Начальство зоны не терпело политических. Изгалялось над ними при каждом удобном случае. А потому Шилова не наказали. Но не решились оставлять его в бараке политических, чтобы те, объединившись, ночью не придушили Шилова на шконке за все его разборки. И кинули его в барак к работягам.

На следующий день Шилов, как все, пошел в цех сбивать ящики, бочки, которые потом отправлялись на рыбокомбинат.

Димку поставили сбивать ящики. До этого дня он не имел представления, как сколотить их. И у него все валилось из рук. Гвозди гнулись, отскакивали в разные стороны, доски ломались. Шилов много раз ударял молотком по пальцам, промахивался, матерился и снова принимался за ящики.

Сачковать тут не приходилось. Всяк работал на свой план и не помогал другому.

Димка вымотался в первый день так, что дремал за ужином, едва не уснул на параше. И его грубо столкнули с нее окриками. Шилов в долгу не остался. Он отбрехался достойно, так, что у работяг в ушах до утра звенело. А Шилов спал, как сурок, не слыша разговоров.

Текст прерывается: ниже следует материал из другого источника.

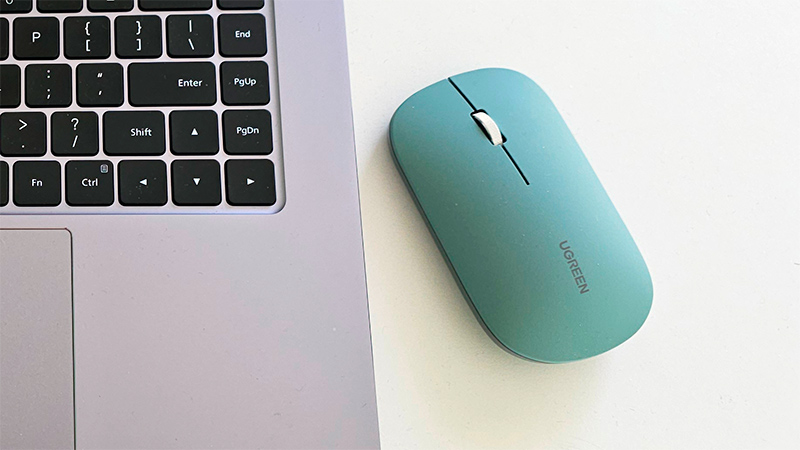 Приехала вот такая компактная мышка Ugreen (ссылка для РФ) с подключением по Bluetooth 5.0 или через специальный адаптер. Мышка почти плоская, разрешение 4000 DPI (регулируется), очень тихие кнопки и бесшумное колесико. С неделю ее погонял - вполне нравится. Я сейчас больше люблю маленькие мышки, и мне очень важно, чтобы кнопки и колесико были бесшумные. Да и стоит она меньше 20 евро - это реально дешево для приличной мышки с подключением по Bluetooth.
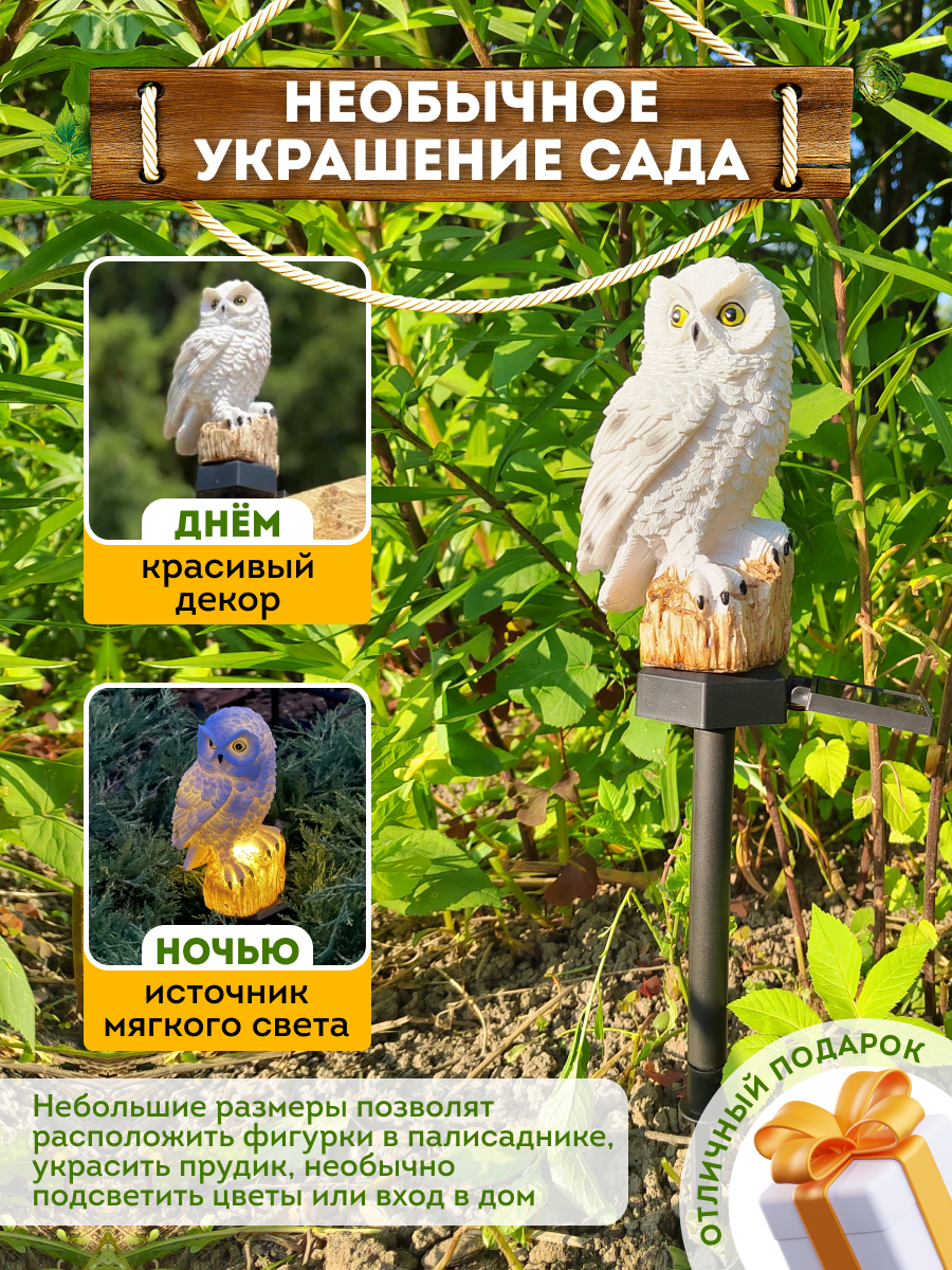 Фигурка садовая для сада и дачи. Светильник на солнечной батарее Сова интересное:

Он решил воздержаться с трамбовкой потому, что именно работяги имели самые большие зачеты за выработку и раньше других выходили на волю. Это удержало в бараке и в цехе. Понемногу он привык к новой работе, освоился, стал выполнять норму и вскоре не валился с ног, как поначалу, стал приглядываться к людям, вслушиваться в их негромкие разговоры.

Да и у самого вскоре завелся собеседник — сосед по шконке — седенький, плюгавенький старичок, какой сам себя звал Миколаем. Он и в цехе работал рядом с Димкой. Изредка помогал, подсказывал. И Шилов разговорился с ним как-то после ужина.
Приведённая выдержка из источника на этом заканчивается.